Design Retrospective analysis of national hospital administrative data.

Setting All acute and specialist English hospitals carrying out elective surgery over three financial years, from 2008-09 to 2010-11.

Participants Patients undergoing elective surgery in English public hospitals.

Main outcome measure Death in or out of hospital within 30 days of the procedure.

Results There were 27 582 deaths within 30 days after 4 133 346 inpatient admissions for elective operating room procedures (overall crude mortality rate 6.7 per 1000). The number of weekday and weekend procedures decreased over the three years (by 4.5% and 26.8%, respectively). The adjusted odds of death were 44% and 82% higher, respectively, if the procedures were carried out on Friday (odds ratio 1.44, 95% confidence interval 1.39 to 1.50) or a weekend (1.82, 1.71 to 1.94) compared with Monday.

Conclusions The study suggests a higher risk of death for patients who have elective surgical procedures carried out later in the working week and at the weekend.


A substantial number of patients die as a result of unsafe medical practices and care during their admission to hospital.1 Previous research carried out with English hospital data has suggested a significantly higher risk of death if patients are admitted as an emergency at the weekend compared with a weekday.2 Other papers have described the “weekend effect”—that is, a worse outcome for patients admitted at weekends compared with weekdays in terms of (in and out of hospital) mortality or length of stay in hospital.3 4 5 Other studies, however, have found no such effect.6 Most previous work has focused on acute admissions.
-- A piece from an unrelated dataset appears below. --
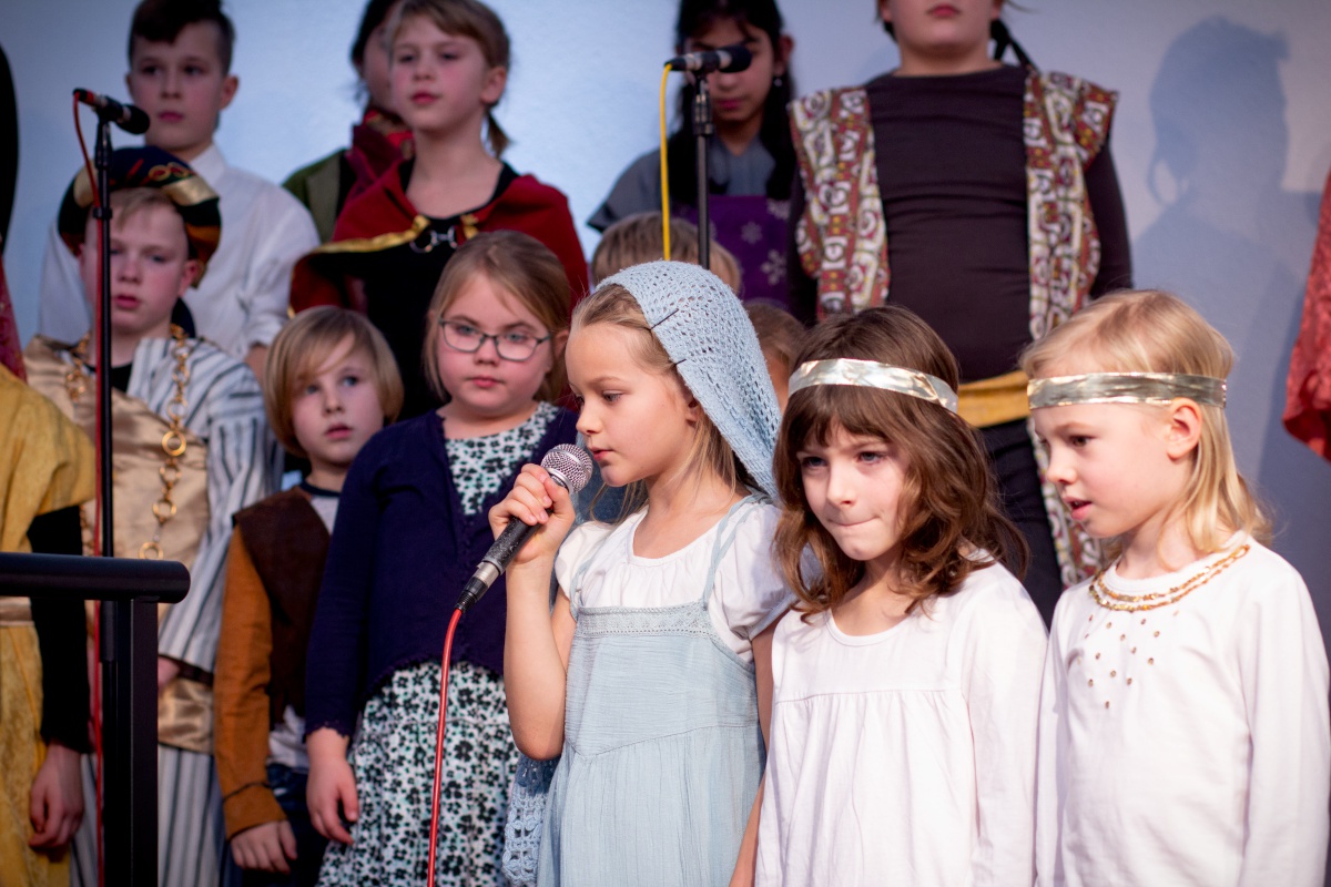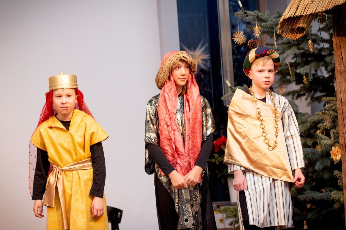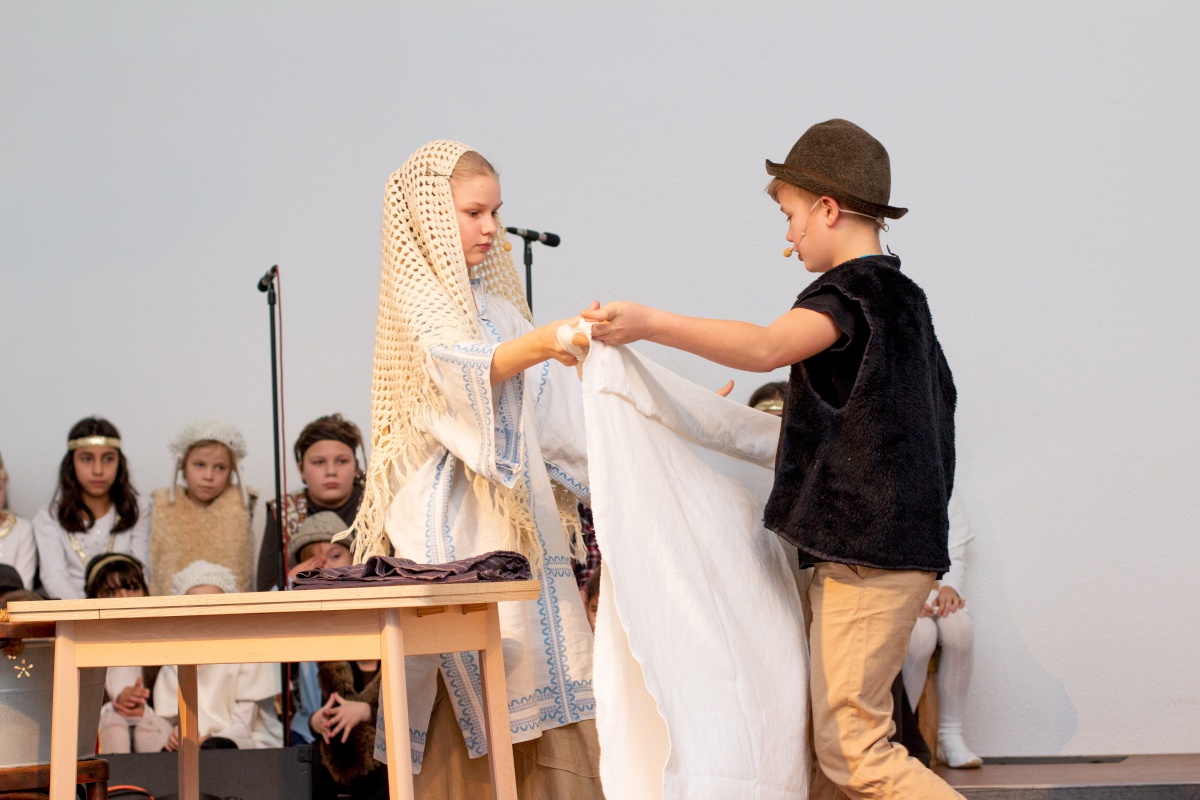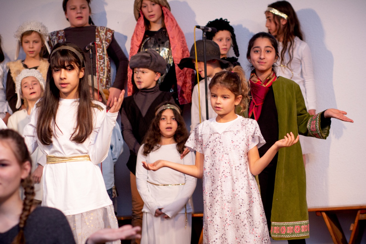 Gemeinsam haben sie an den sieben Samstagen vor Weihnachten das Musical „Stern über Bethlehem“ einstudiert. In den Proben wurden die Lieder gelernt, die Szenen geprobt, aber auch an den Kostümen, dem Licht und der Technik gefeilt.

A study looking at Veteran Affairs’ hospitals in the United State found an increased 30 day mortality (deaths in hospital and after discharge) after non-emergency surgery on Fridays versus early weekdays in patients admitted to regular hospital wards (that is, excluding intensive care units).7 A recent Australian study reported that after hours and weekend admissions to intensive care units are associated with increased hospital mortality, with the results attributed mainly to patients with planned admissions after elective surgery.8 A recent English study found an increased risk of hospital death in the elective setting for weekend admissions but, critically (like most previous studies), focused on the day of admission, rather than day of procedure and did not include out of hospital deaths, a potential source of bias.9

Video abstract

There are at least two potential explanations for finding worse outcomes in patients in hospital at the weekend. The first is that these differences reflect poorer quality of care at the weekend, and the second is that patients admitted or operated on at the weekend are more severely ill than those admitted during the week. Some research has proposed reduced staffing levels or less senior and less experienced staff at the weekends as an explanation,2 4 7 and there is evidence to support the staffing hypothesis.10 Particularly with emergency care, however, it is likely that there is some selection bias at the weekends, reflected in much lower numbers of admissions.2 For this reason we decided to investigate mortality for planned admissions by day of the week of procedure.

Our hypothesis was that if there is a quality of care issue at weekends, then compared with patients whose procedure occurs at the beginning of the working week, we would expect to see higher mortality in those who have procedures carried out at the weekend (where selection bias might also be contributing). Importantly, we would also expect to see higher mortality in other patients who have their procedure just before the weekend (where selection bias should not be such an issue) and whose immediate postoperative period (where they are most vulnerable to serious complications)11 occurs over the weekend. We therefore might expect to see rising mortality compared with Monday as patients’ immediate postoperative period overlaps with the weekend. To investigate this, we examined routinely collected hospital administrative data in England linked with death certificates to include deaths after discharge to investigate whether there is a relation between the day of the week patients undergo elective surgery and postoperative mortality.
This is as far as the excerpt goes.